Wednesday, December 15, 2010

Anime review: "House of Five Leaves"

After finishing "Towers of Midnight", I decided to take a short break of reading. I have read four books in a row and while I like reading better than anime or movies and TV series, I can't read all the time. One reason is that I don't have money for buying more than one or two books per month. And even though my private library counts more than sixty books now, that is not enough unless I want to reread half my books every year. Second reason is more important: I tend to neglect everything else when I am reading books I really like. So combining work, PhD and multiple hobbies gets hard sometimes.

Anyway, after ToM, I started watching "House of Five Leaves". I have been waiting long for this anime, since last spring. I haven't watched a good samurai anime for long time. In the end, it turned out this is not a samurai anime, not in the way most consider as such. It's true; there are samurai in this series. Also, it's true that there is swords-fighting here and talk about honor and samurai code... Just not in the way I would expect it. But nevertheless, this is one of better anime I watched this year.

Masa is a young ronin staying in Edo. He comes from province and he is totally unsuitable for samurai; he is shy and unimposing, which results in him being easily pushed around. By coincidence, Masa gets employed by member of criminal group called House of Five Leaves. The group is composed of four somewhat peculiar people and is centered on charismatic young(ish) man Yaichi. Yaichi gets intrigued by Masa's straightforwardness and innocence and invites him to join them, just for fun of it. Rest of anime consist of Masa's deciding to join or not while he explore past and motives or other members, but especially Yaichi's.

As I said, there IS swords-fighting here; I think there are three fights: one is off-screen and two consist of two or three moves. This is very infuriating, because it is implied on beginning (and orally confirmed later) that Masa is "unparalleled with his swordsmanship". Well, I don't actually object this, but I would have liked being able to see it. There is talk about honor and samurai code, but it consists of Masa musing whether he should join House of Five Leaves or not. He comes to see that these are actually good people (well, in some degree), but they are doing bad thinks and he is not sure can he incorporate being a professional kidnapper in his system of honor.

Personalities, pasts and motives of other members are gradually revealed by smaller arcs where they get in trouble and Masa tries to help them (and vice versa). Yaichi's story is implied throughout the series and finally revealed in last few episodes. Setting is historical and I would say mostly accurate: medieval Edo, wages in rice, whore-houses... Important motive in series is adopted children in richer houses. Main strength of anime is character-growth and unexpected turns this anime takes (I really didn't expect most of this anime).

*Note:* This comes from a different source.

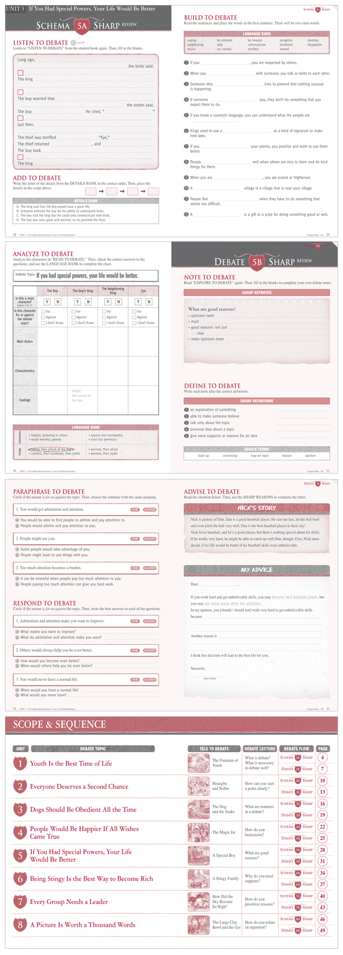 - ÇнÀÀÚµéÀº Âù, ¹Ý ³í°Å¸¦ ±¸¼ºÇϰí, °ø°ÝÇϰí, ´Ù½Ã À籸¼ºÇÏ´Â Åä·ÐÀÇ Áغñ°úÁ¤À» ÅëÇØ ½º½º·Î Âù, ¹ÝÀÇ ÀÔÀå¿¡¼­ Åä·ÐÇÏ°í »ó´ëÆÀÀ» Æò°¡Çϱâ±îÁö ¿ÏÀüÇÑ Åä·ÐÀÇ È帧À» ÇÑ °ú ³»¿¡¼­ °æÇèÇÏ°Ô µË´Ï´Ù. Debate Sharp´Â °¢ unit¿¡¼­ ´Ù¸¥ ÁÖÁ¦·Î ¸Å¹ø ¿ÏÀüÇÑ Åä·ÐÀÇ Àü °úÁ¤À» °æÇèÇÒ ¼ö Àֱ⠶§¹®¿¡, ±³Àç Àüü¸¦ ÅëÆ²¾î 1, 2¹øÀÇ Åä·ÐÀ» Çϵµ·Ï ¼³°èµÈ Ÿ Åä·Ð ±³Àçµé°ú Â÷º°È­ µË´Ï´Ù.

Anime features very original animation. First two episodes I thought that characters are quite ugly, but now that I finished it, I get used to this design. Although I think that character are intentionally done a bit rougher in the beginning, just of the effect. I can't say anything on music and sound effects, but I am pretty sure they are decent.

In summary, "House of Five Leaves" is one very good short (only 12 episodes) anime with historical setting. It includes a bit of action, lots of mystery and anticipation, but mostly concentrates on exploring its eccentric characters. Definitely a treat for all seinen fans.